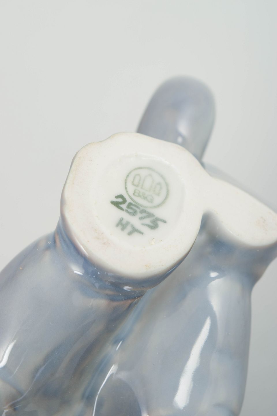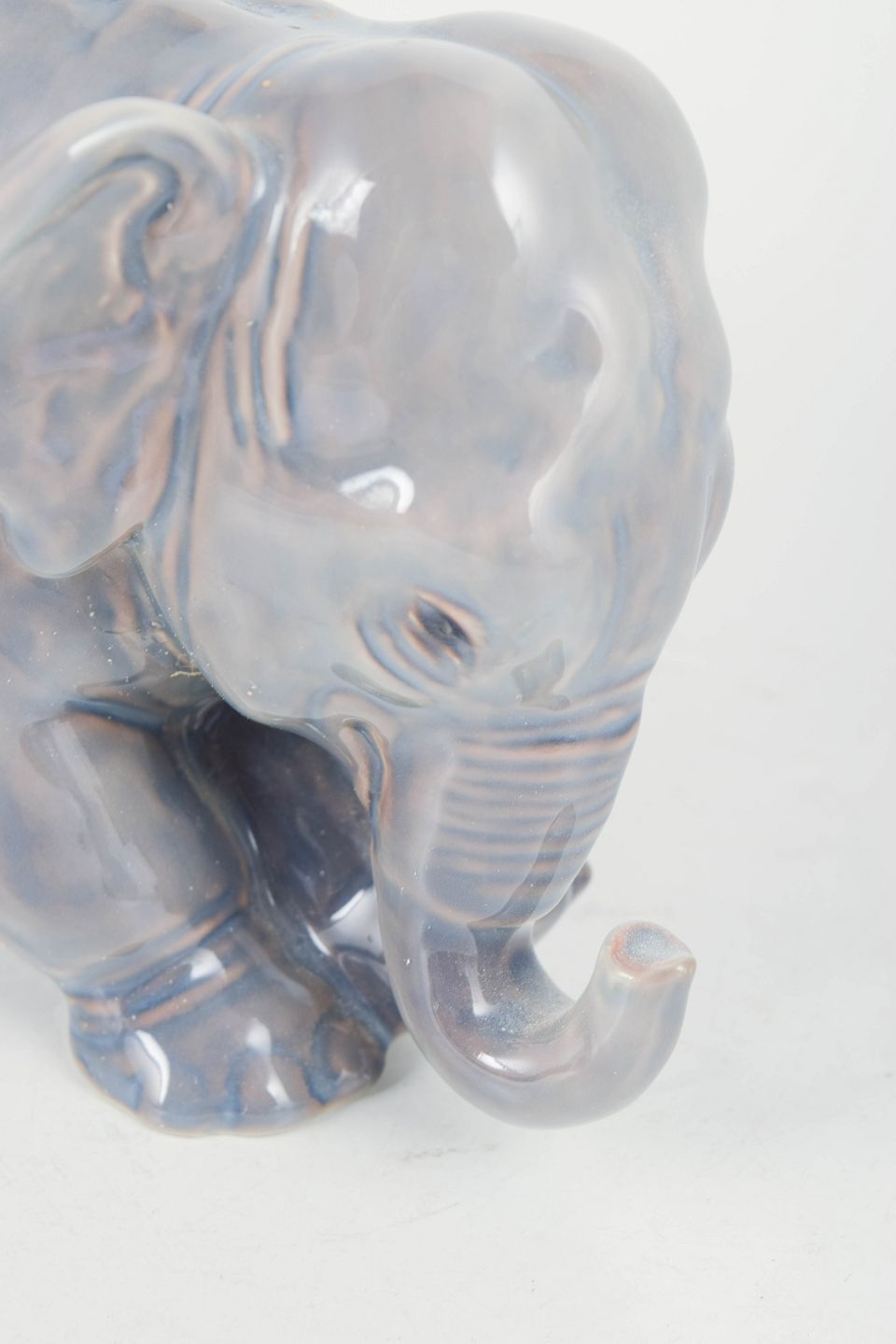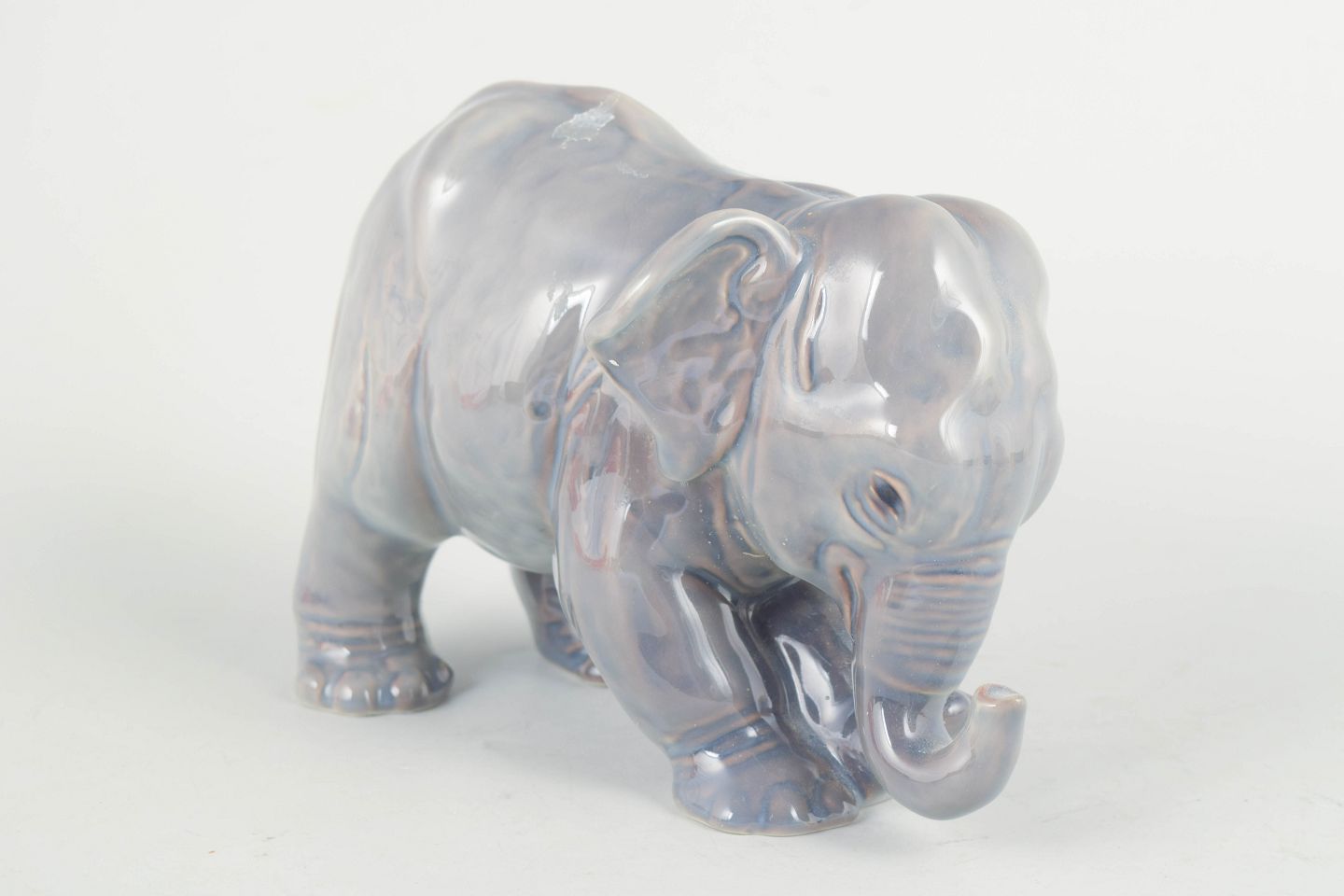 Bing & Grondahl, baby elephant figurine.Naturalistically modelled elephant in porcelain model 2575 with a soft, iridescent glaze in grey and bluish tones. Finely detailed surface and marked as first factory quality on the base.
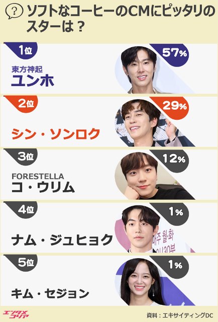 東方神起のメンバー、ユンホが「ソフトなコーヒーのCMにピッタリのスター」1位に選ばれた。
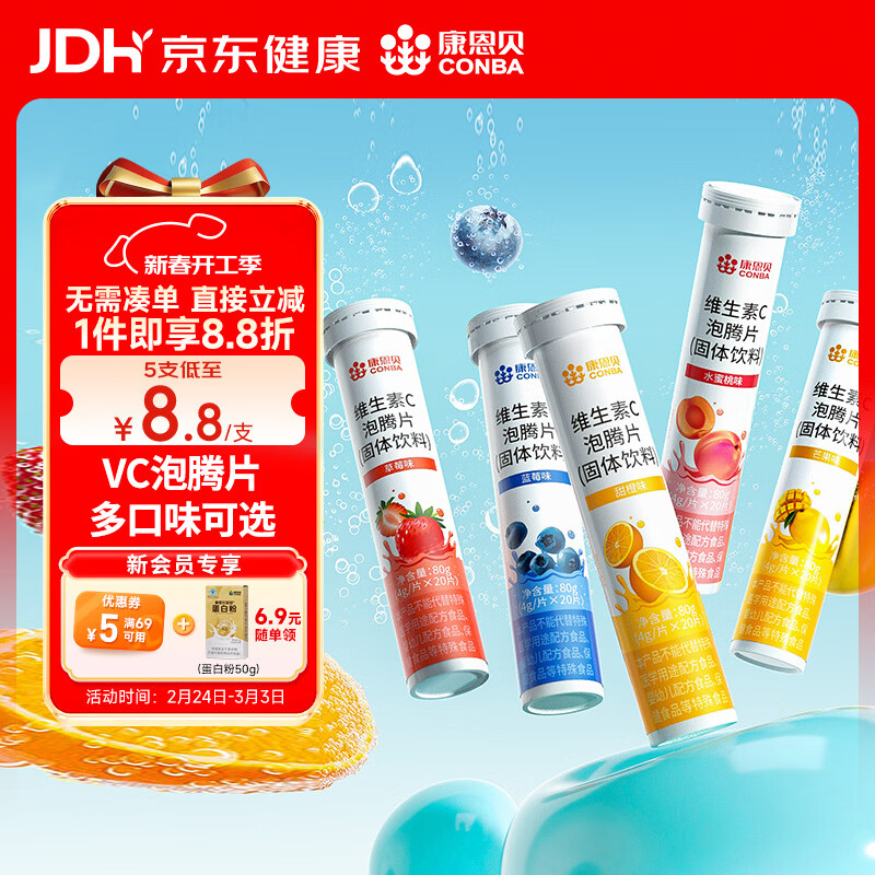 【限时抢购】康恩贝维生素C泡腾片20片*5支装,PLUS会员专享价仅35.42元!5种口味任选
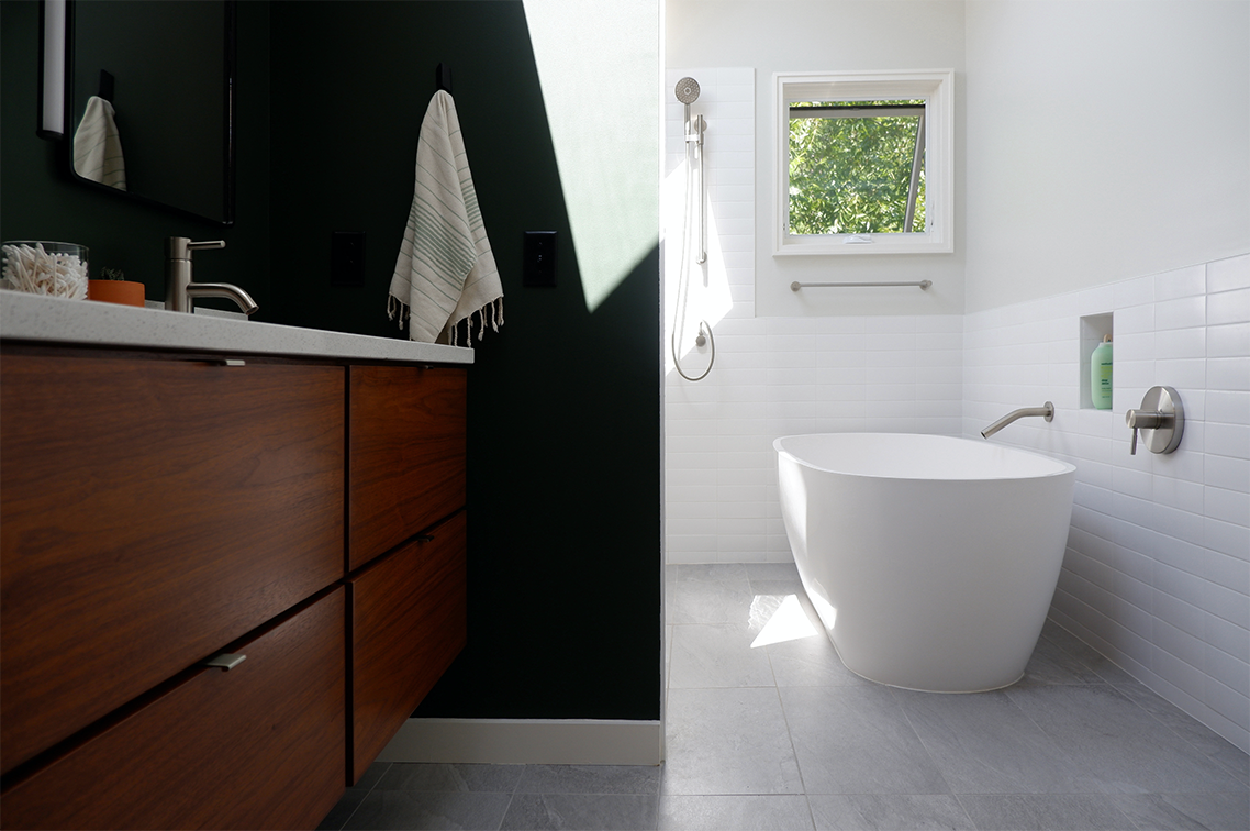 From the outset, the design intention embraced contrast: this was to be a clearly new, modern addition to the existing older home. We worked with the slope of the existing hip roof and extruded it toward the back of the house, vaulting the ceilings inside, and cladding the exterior in black metal and fiber cement panels. The couple’s love for Scandinavian design and culture influenced the feel of the space. They wanted to capture the essence of their travels to incorporate into their own home, so clean lines, thoughtful details, and inviting spaces were top priorities. Clean lines, thoughtful details, and inviting spaces were the top priorities. Budget was also a factor at every stage and every decision was made with the budget goal in mind.
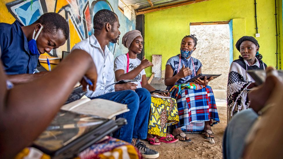 Vi er i flyktningbosetningen Nakivale i sørvestre Uganda. Her har organisasjonen Hello World i samarbeid med det nasjonale teleselskapet Roke Telkom bygget åtte digitale wi-fi-sentre, såkalte «Hello Hubs», der barn og voksne kan studere, kommunisere og gjøre research.
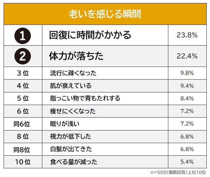 30代以上の男女500人に「老いを感じる瞬間」を聞いたところ、1位は「回復に時間がかかる(23.8%)」、僅差の2位には「体力が落ちた(22.4%)」でした。
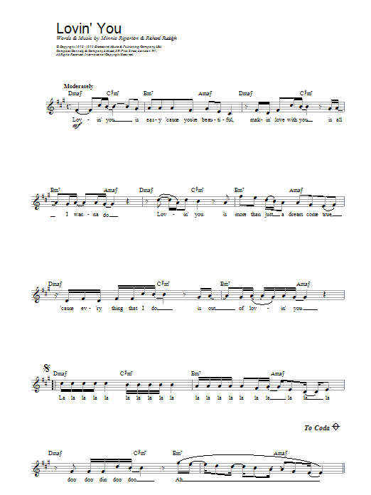Download or print Minnie Riperton Lovin' You sheet music, chords and digital score arranged for Guitar Tab. This Folk score includes 3 page(s).
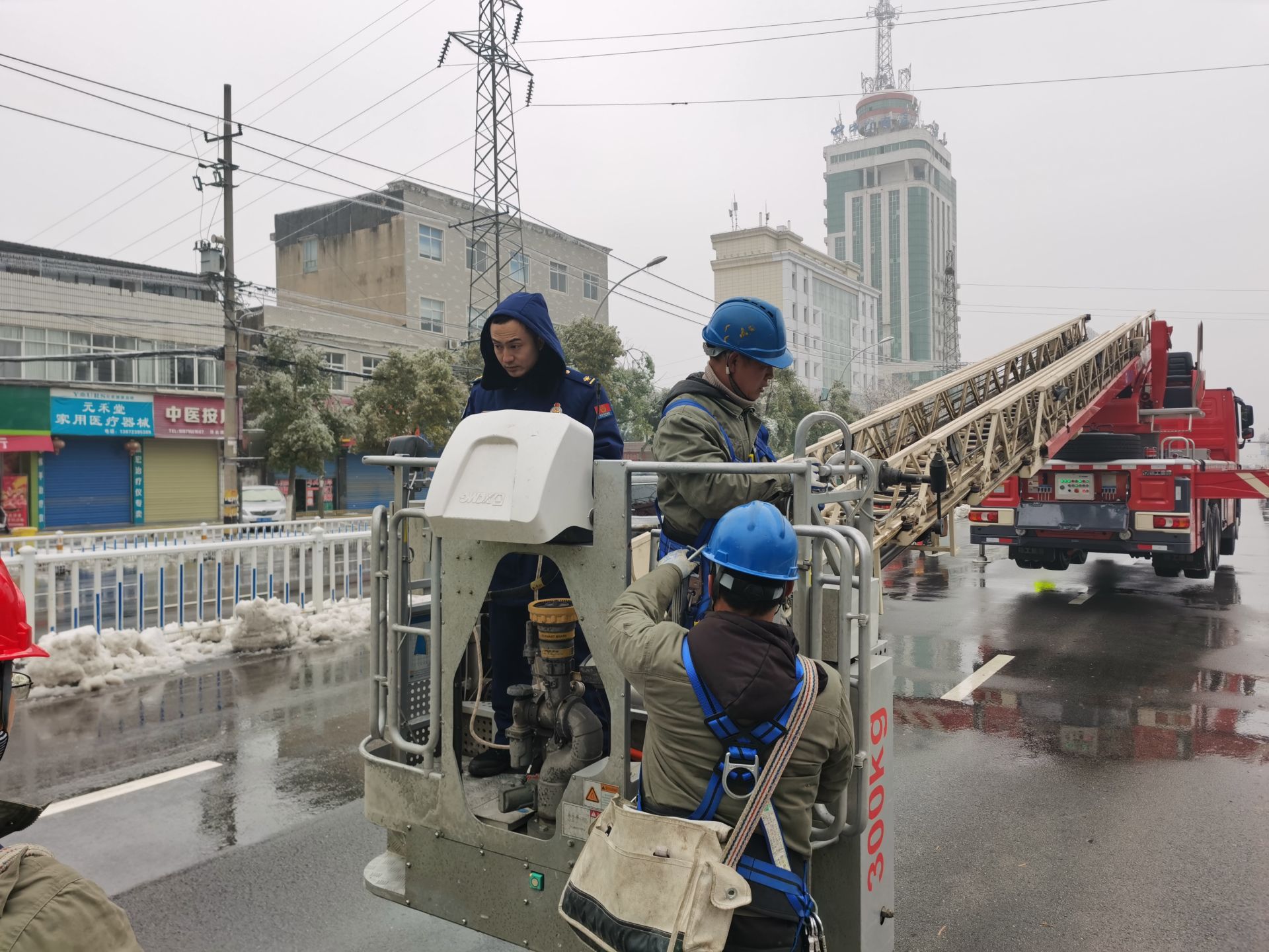 “一定要想辦法加快搶修進(jìn)度!”現(xiàn)場施工負(fù)責(zé)人李維維與同事們商量后,決定向當(dāng)?shù)叵谰仍箨?duì)尋求幫助。洪湖市消防救援大隊(duì)得知這一消息后,緊急派來一輛消防救援車趕往現(xiàn)場進(jìn)行支援。借助消防云梯,搶修人員在最短的時(shí)間內(nèi),升上21米的高空開始了搶修工作。
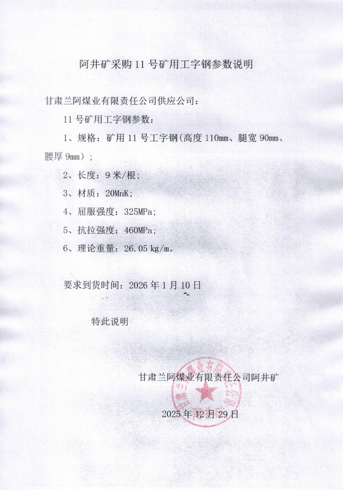 因本次招標為企業(yè)自主招標,意向投標人必須先向招標人提交相關資料進行前期審核,符合要求的投標人,按照要求報名資料蓋有公章、標明稅率、運費的正規(guī)報價單,委托代理人授權書。只需單獨密封報價單,其它資料不密封一起投遞報送,并注明所報名標段及公司名稱。報送截止時間2026年1月3日17:00。
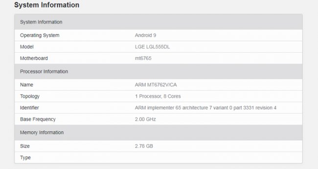 Южнокорейская компания LG, по информации сетевых источников, готовит к выпуску новый смартфон начального уровня. Сведения об аппарате обнаружены в базе популярного бенчмарка Geekbench. Информация сайта - «scanpin.ru» Устройство имеет кодовое обозначение LGL555DL. Пока не ясно, под каким именем оно дебютирует на коммерческом рынке, но тест даёт представление о возможностях модели. Известно, в частности, что основой новинке служит процессор MediaTek Helio P22. Чип содержит восемь вычислительных ядер ARM Cortex-A53 с тактовой частотой до 2,0 ГГц, графический ускоритель IMG PowerVR GE8320 и сотовый модем LTE. В составе смартфона LGL555DL процессор Helio P22 функционирует в тандеме с 3 Гбайт оперативной памяти. Известно также, что в качестве программной платформы применяется операционная система Android 9 Pie. Характеристики дисплея не раскрываются, но можно предположить, что его разрешение не превысит 720р. Параметры камер пока также держатся в секрете. Появление информации о новинке в базе Geekbench говорит о её скором официальном анонсе. Цена, вероятнее всего, не превысит 100–120 долларов США. и:

-- TASK REQUIREMENTS --
Repeat the entries exactly and keep the pictures out of the copy.

-- ANSWER SECTION --
 Bing & Grondahl, baby elephant figurine.Naturalistically modelled elephant in porcelain model 2575 with a soft, iridescent glaze in grey and bluish tones. Finely detailed surface and marked as first factory quality on the base.
 東方神起のメンバー、ユンホが「ソフトなコーヒーのCMにピッタリのスター」1位に選ばれた。
 【限时抢购】康恩贝维生素C泡腾片20片*5支装,PLUS会员专享价仅35.42元!5种口味任选
 From the outset, the design intention embraced contrast: this was to be a clearly new, modern addition to the existing older home. We worked with the slope of the existing hip roof and extruded it toward the back of the house, vaulting the ceilings inside, and cladding the exterior in black metal and fiber cement panels. The couple’s love for Scandinavian design and culture influenced the feel of the space. They wanted to capture the essence of their travels to incorporate into their own home, so clean lines, thoughtful details, and inviting spaces were top priorities. Clean lines, thoughtful details, and inviting spaces were the top priorities. Budget was also a factor at every stage and every decision was made with the budget goal in mind.
 Vi er i flyktningbosetningen Nakivale i sørvestre Uganda. Her har organisasjonen Hello World i samarbeid med det nasjonale teleselskapet Roke Telkom bygget åtte digitale wi-fi-sentre, såkalte «Hello Hubs», der barn og voksne kan studere, kommunisere og gjøre research.
 30代以上の男女500人に「老いを感じる瞬間」を聞いたところ、1位は「回復に時間がかかる(23.8%)」、僅差の2位には「体力が落ちた(22.4%)」でした。
Download or print Minnie Riperton Lovin' You sheet music, chords and digital score arranged for Guitar Tab. This Folk score includes 3 page(s).
 “一定要想辦法加快搶修進(jìn)度!”現(xiàn)場施工負(fù)責(zé)人李維維與同事們商量后,決定向當(dāng)?shù)叵谰仍箨?duì)尋求幫助。洪湖市消防救援大隊(duì)得知這一消息后,緊急派來一輛消防救援車趕往現(xiàn)場進(jìn)行支援。借助消防云梯,搶修人員在最短的時(shí)間內(nèi),升上21米的高空開始了搶修工作。
 因本次招標為企業(yè)自主招標,意向投標人必須先向招標人提交相關資料進行前期審核,符合要求的投標人,按照要求報名資料蓋有公章、標明稅率、運費的正規(guī)報價單,委托代理人授權書。只需單獨密封報價單,其它資料不密封一起投遞報送,并注明所報名標段及公司名稱。報送截止時間2026年1月3日17:00。
 Южнокорейская компания LG, по информации сетевых источников, готовит к выпуску новый смартфон начального уровня. Сведения об аппарате обнаружены в базе популярного бенчмарка Geekbench. Информация сайта - «scanpin.ru» Устройство имеет кодовое обозначение LGL555DL. Пока не ясно, под каким именем оно дебютирует на коммерческом рынке, но тест даёт представление о возможностях модели. Известно, в частности, что основой новинке служит процессор MediaTek Helio P22. Чип содержит восемь вычислительных ядер ARM Cortex-A53 с тактовой частотой до 2,0 ГГц, графический ускоритель IMG PowerVR GE8320 и сотовый модем LTE. В составе смартфона LGL555DL процессор Helio P22 функционирует в тандеме с 3 Гбайт оперативной памяти. Известно также, что в качестве программной платформы применяется операционная система Android 9 Pie. Характеристики дисплея не раскрываются, но можно предположить, что его разрешение не превысит 720р. Параметры камер пока также держатся в секрете. Появление информации о новинке в базе Geekbench говорит о её скором официальном анонсе. Цена, вероятнее всего, не превысит 100–120 долларов США. и:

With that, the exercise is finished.